Special thanks to the always incredible John Waters year-end list that made me aware of Haugerud’s trilogy - they were his number three for 2025, and so far they’re my number one in 2026.
No Other Choice
dir. Park Chan-wook
Park Chan-wook does a curious thing with his new thriller No Other Choice, a story that blends a satire of class struggle and morality with a dark comic premise. The premise is that Man-soo, a paper factory manager who “has it all,” is fired in his employer’s move to mechanize production. After hitting rock bottom he finds that rare job opening that would restore his class status, pay for his wife’s dancing lessons, and bring back the family dog they can no longer afford to feed. Then he creates a hit list of all the better possible candidates for the position that stand in his way. And the curious thing Park does with this premise is to frustrate it as much as possible, almost to an extent that threatens to halt the entire momentum of the film. I’m not sure how smoothly this “hit list” premise plays out in Donald Westlake’s source material for the film, the 1997 novel The Ax (also adapted into a 2005 film by Costa-Gavras, to whom No Other Choice is dedicated), but director Park revels in the opportunity to frustrate the expectations and find comedy in what might first seem like a predictable structure.
In No Other Choice, as with Park Chan-Wook’s excellent previous film Decision to Leave (you can read my ESN review from 2022 here, which contains a bit more context on his career and filmography), the technique of this master director goes beyond simply upsetting the predictable, creating a combination of seasoned directorial technique and ambition into a grand design that thrills scene-to-scene, beat-by-beat. In fact, No Other Choice seems to be juggling more elements than is typical for the director, and in collaboration with cinematographer Kim Woo-hyung (who also worked with Park on the 2018 mini-series The Little Drummer Girl) seems to approach each scene and set piece with a sort of liberated enthusiasm. One wonders whether the whole thing is going to collapse under the weight of it’s ideas, symbols, and continually unfolding architecture—something like what happened with Park’s collaborator and friend Bong Joon-ho’s last film Mickey 17—but No Other Choice, despite some on-the-nose dialogue here and there, keeps finding visual ideas that hold everything together through the final frames. The rainy skies Park loves so much ultimately clear for our protagonist Man-soo, but the climate of his soul is another question.
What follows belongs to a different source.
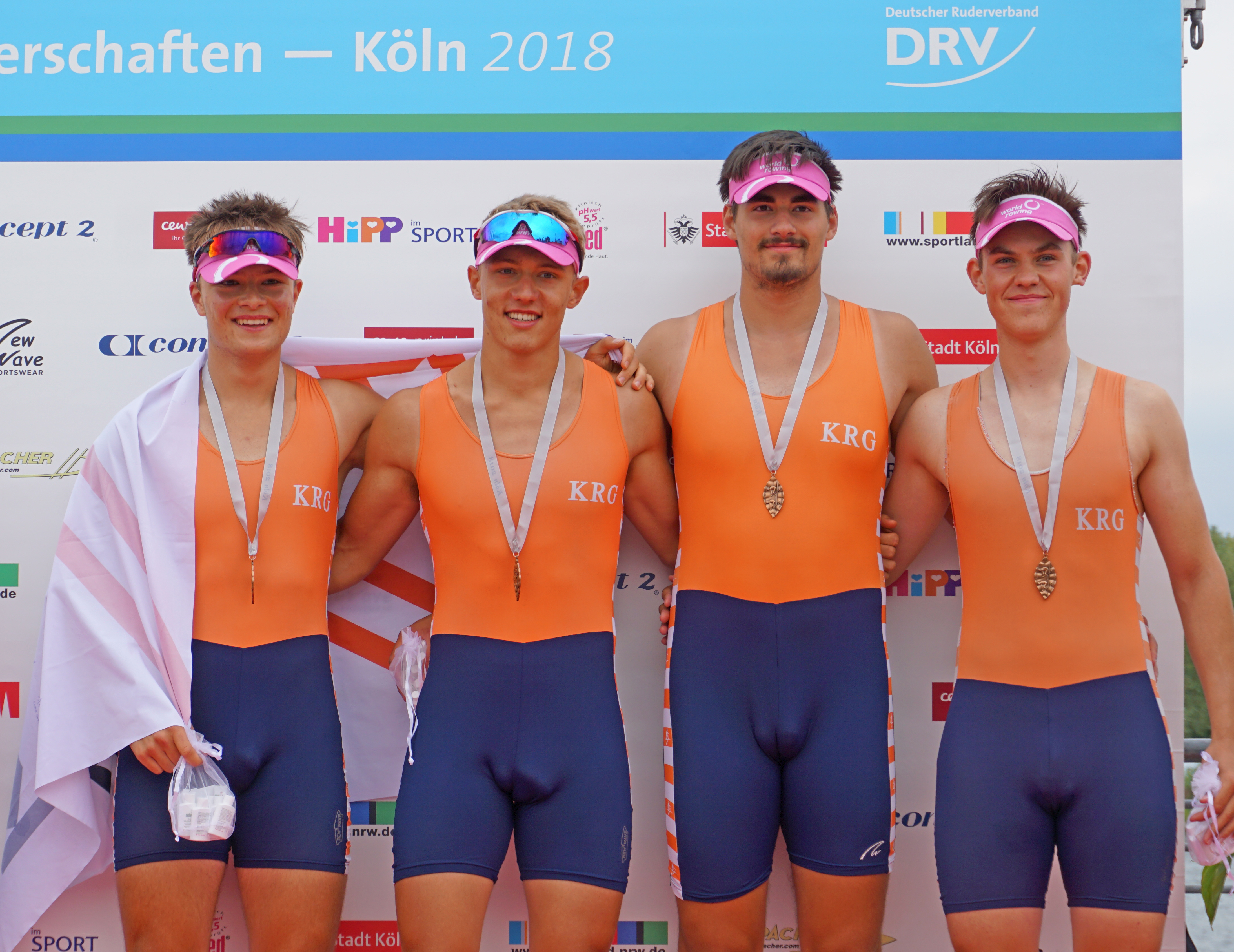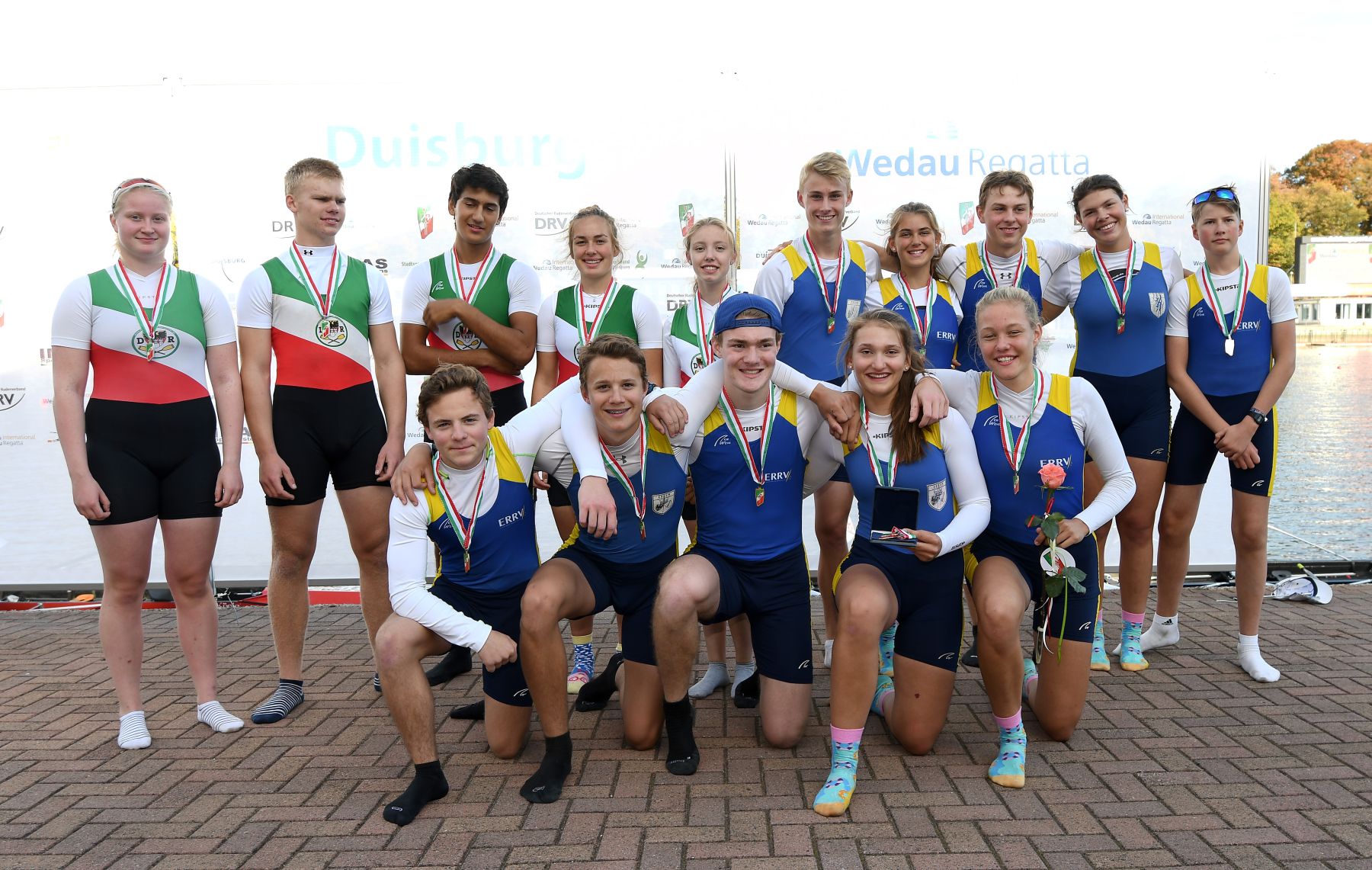 Im Junioren Mixed-Doppelvierer waren Nike Weber, Paula Burbott, Christoph Philips und Paul Rasch bei den 17/18 Jährigen nicht zu schlagen. Das Quartett der Kettwiger Rudergesellschaft gewann bei traumhaften Bedingungen auf dem Aasee schon die Vorentscheidungen souverän und ließ auch im Finale nichts anbrennen. Die Kettwiger Damen Weber und Burbott komplettierten sogar noch ihre Medaillensammlung. Im Doppelzweier gewann das Duo Silber und gemeinsam mit ihren Vereinskameradinnen Ariane Drenker und Celina Schneider Bronze im Doppelvierer.

Like Bong’s Parasite, No Other Choice is concerned with the crushing class divide in Korean culture, but where Parasite is focused on the chasm of wealth and privilege dividing the two (and ultimately three) families central to the story, No Other Choice is focused on how thin the line is between the haves and have-nots, marked by the meta-absurdity of whether or not Man-soo’s family can retain their Netflix subscription. But the added satirical element in No Other Choice has to do with the actual villain of the film. Man-soo is about as hopeless as they come as a killer, and spends much of the film comically failing every mark on his list. His ability to wipe out the competition is nothing compared to the AI automation that ultimately triumphs, consuming any bit of moral fiber left in Man-soo with it, just as it’s voraciously doing to a large swath of culture currently.